After sufficiently drying the obtained polyamide-imide resin composition, using an injection molding machine (EC100 manufactured by Toshiba Machine Co., Ltd.), a test piece in accordance with ISO 178 was prepared under conditions of a cylinder temperature of 330 ° C. and a mold temperature of 110 ° C. Produced.

Examples 2-28
Except for changing the resin composition and molding conditions of the polyamideimide resin composition, the same operation as in Example 1 was performed to obtain a polyamideimide resin composition pellet, which was injection-molded to produce a test piece.

Comparative Example 1
Except for changing the resin composition and molding conditions of the polyamideimide resin composition, the same operation as in Example 1 was performed to obtain a polyamideimide resin composition pellet and injection molding was performed, but the melt viscosity was too high. Thus, injection molding could not be performed.

  Tables 2 and 3 show the resin composition, molding conditions, and characteristic values of the obtained test pieces of the polyamideimide resin compositions obtained in the examples.

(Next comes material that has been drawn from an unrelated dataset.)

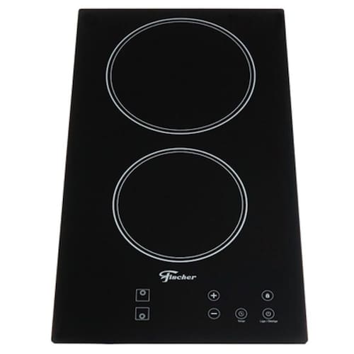 Cooktop Fischer elétrico com mesa vitrocerâmica, 2 bocas, acendimento superautomático, controle touch screen, 9 níveis de potência, timer de até 99 minutos e trava de segurança.Luz de calor residual

  The polyamideimide resin compositions obtained in Examples 1 to 28 were excellent in bending strength and bending elastic modulus.

Claims (6)

Polyamideimide resin composition comprising a polyamideimide having a repeating unit represented by the general formula (1) and a reinforcing material:
(Wherein R ¹ and R ² independently represent a divalent residue having an aromatic ring, an aliphatic ring or an aliphatic hydrocarbon, and R ³ and R ⁴ independently represent an aromatic ring or A trivalent residue having an aliphatic ring is shown, and a hydrogen atom bonded to each ring may be substituted with another atom or atomic group. The polyamide-imide resin composition according to claim 1, wherein the reinforcing material is at least one fibrous reinforcing material selected from the group consisting of glass fiber, carbon fiber and stainless steel fiber. Furthermore, the polyamideimide resin composition of Claim 1 or 2 containing antioxidant. The polyamideimide resin composition according to any one of claims 1 to 3, wherein the number of repeating units of polyamideimide is 4 to 1,000. The polyamideimide resin composition according to any one of claims 1 to 4, wherein the polyamideimide has a glass transition temperature of at least 100 ° C. The molded object formed by shape | molding the polyamideimide resin composition in any one of Claims 1-5.